Community-based centrality (CbC)
Community-based centrality
(CbC) is a measure designed to identify influential spreaders in complex networks [2]. The method distinguishes two types of links for each node:
strong links
, which connect nodes within the same community, and
weak links
, which connect nodes across different communities. The importance of a node is determined by both its link characteristics and the sizes of the communities to which it is connected. Mathematically, the CbC of node \(i\) is defined as
\begin{equation*}
c_{\mathrm{CbC}}(i) = \sum_{s=1}^{K} k_{is} \frac{|C_s|}{N} = \sum_{s=1}^{K} \sum_{j \in C_s \setminus \{i\}} a_{ij} \frac{|C_s|}{N},
\end{equation*}
where \(k_{is}\) is the number of links from node \(i\) to nodes in community \(C_s\), \(K\) is the total number of communities \(C_1, \dots, C_K\), \(|C_s|\) denotes the size of community \(C_s\), and \(a_{ij}\) are elements of the adjacency matrix. In [2], communities are identified using the CNM algorithm, which employs the Clauset-Newman-Moore greedy modularity maximization method.
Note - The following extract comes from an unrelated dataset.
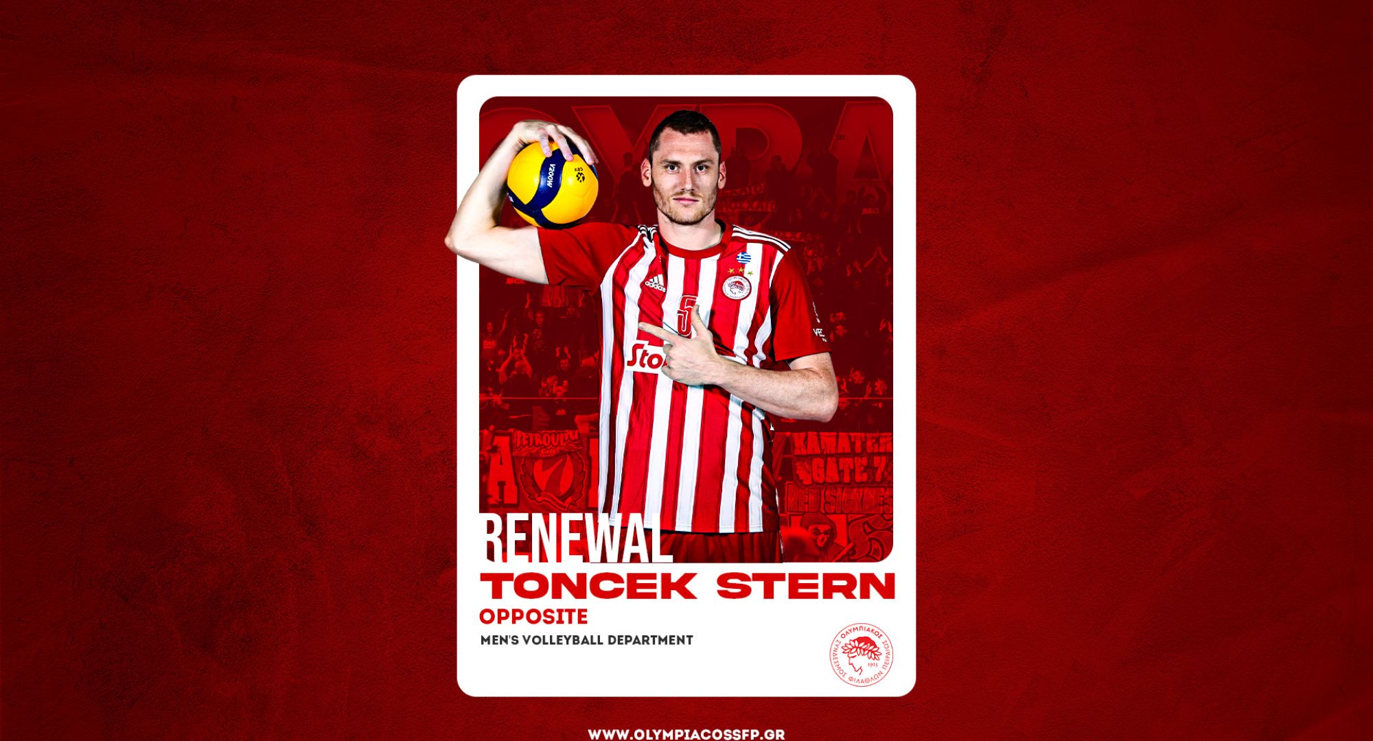 Ο ΟΛΥΜΠΙΑΚΟΣ Σ.Φ.Π. ανακοινώνει την ανανέωση της συνεργασίας του με τον Τόνσεκ Στερν. Ο διεθνής Σλοβένος διαγώνιος υπέγραψε το νέο του συμβόλαιο και παραμένει στο ρόστερ της ομάδας βόλεϊ Ανδρών του συλλόγου.

CbC generalizes classical degree centrality by incorporating community structure. In the limiting case where the entire network forms a single community, CbC reduces to the standard degree centrality. Conversely, when each node constitutes its own community, CbC corresponds to the degree of the node normalized by the total number of nodes in the network.